A quality control inspector has drawn a sample of 13 light bulbs from a recent production lot. Suppose 20% of the bulbs in the lot are defective. What is the probability that less than 6 but more than 3 bulbs from the sample are defective?Round your answer to four decimal places.

# parameters 
n <- 13 # selcted bulbs sample size 
p_defect <- 0.20 # probability of observing defective bulb 
x <- 4:5 # probability that less than 6 but more than 3 bulbs from the sample are defective

# calculate the probability 
probabilities <- dbinom(x, size = n, prob = 0.20)

# sum of probabilities 
p_total <- sum(probabilities)

# Round four decimal places
p_rounded <- round(p_total,4)
p_rounded

## [1] 0.2226

# create barlpot 
barplot(
  dbinom(
    0:n, size = n, prob = p_defect
    ),
    xlab="Success", ylab="Probability")

Question 3:

The auto parts department of an automotive dealership sends out a mean of 4.2 special orders daily. What is the probability that, for any day, the number of special orders sent out will be no more than 3? Round your answer to four decimal places.

# parameters 
lambda <- 4.2  # mean
s_orders <- 3 # number of special orders 

# compute prob 
prob <- ppois(s_orders, lambda, lower.tail = TRUE)
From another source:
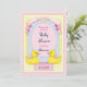 O tema doce apresenta dois patos de borracha amarelos com bolhas azuis e borda cor-de-rosa. Este design de Borracha Ducky fofo está cheio de detalhes divertidos. Personalize este convite para chás de menina com todas as informações da sua festa na frente e no verso do cartão. Uma versão do Baby Boy também está disponível na minha loja.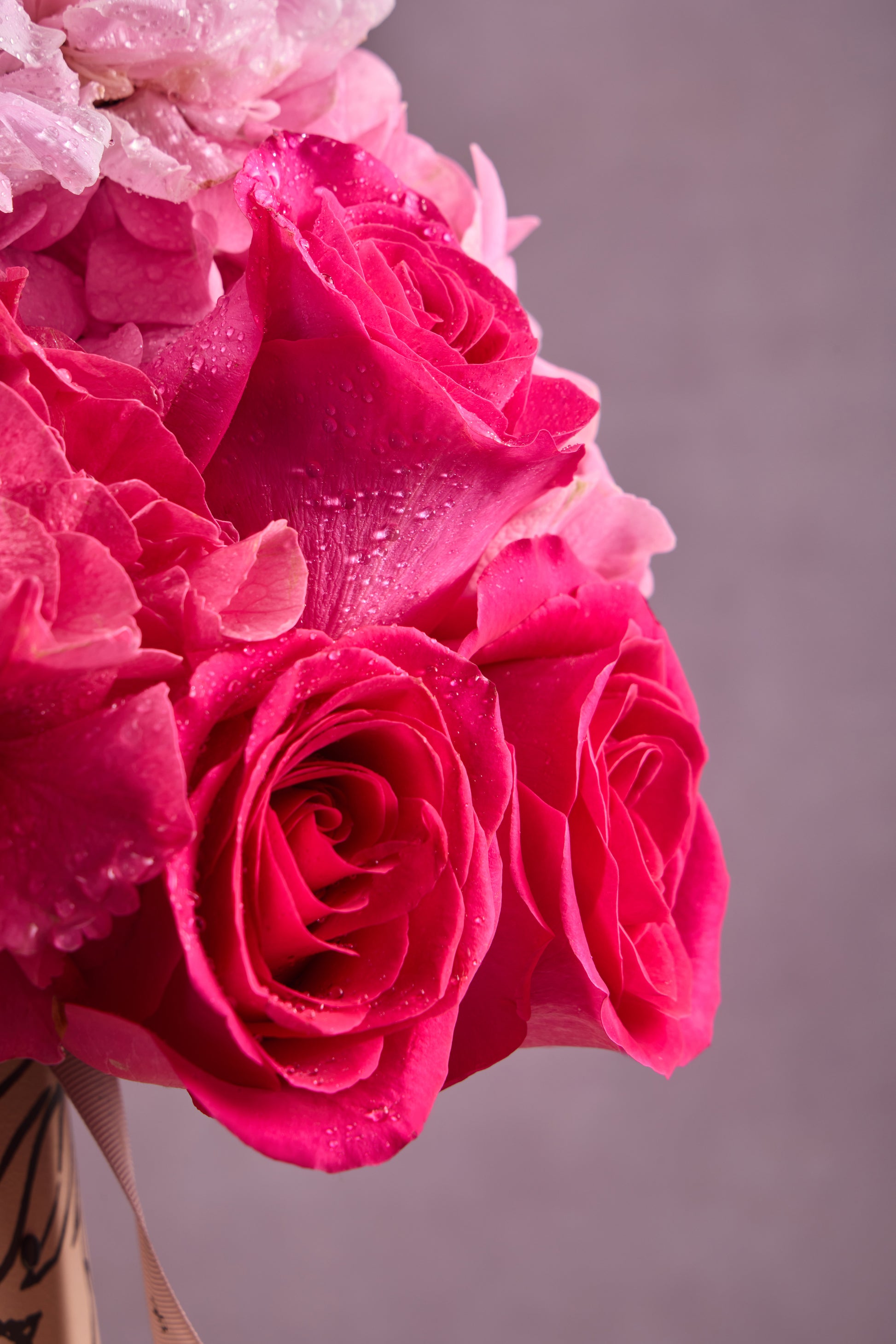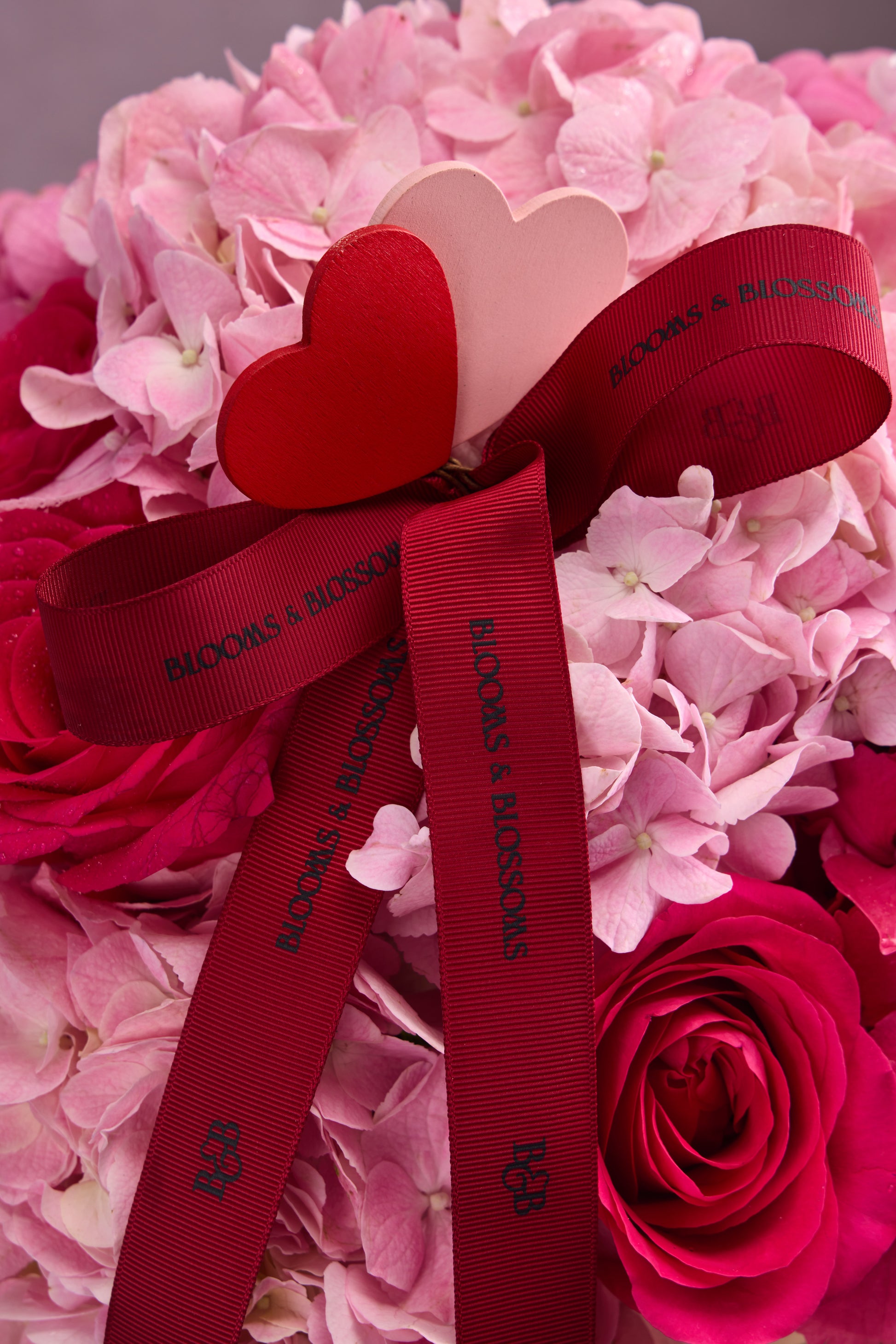 Floral Arrangement includes: BLOOMS & BLOSSOMS Bloom Bucket filled with Fresh Roses, Peonies & Hydrangea in Pink & Fuchsia Tone Décor with Long Red Ribbon & Heart Shape Sticks.

# sum of prob & print result 
sum_prob <- sum(prob)
round(sum_prob, 4)

## [1] 0.3954

# Barplot 
barplot(prob <- ppois(0:3, lambda), xlab="Special Orders", ylab="Probability")

Question 4:

A pharmacist receives a shipment of 17 bottles of a drug and has 3 of the bottles tested. If 6 of the 17 bottles are contaminated, what is the probability that less than 2 of the tested bottles are contaminated? Round your answer to four decimal places.

# Parameters 
N <- 17 # Total number of bottles of drug shipment 
K <- 6 # number of contaminated bottles 
n <- 3 # bottles tested sample size 

# x value of less than 2 tested bottles are contaminated
x <- 0:1 

# Compute prob 
prob <- dhyper(x, m = K, n = N - K, k = n)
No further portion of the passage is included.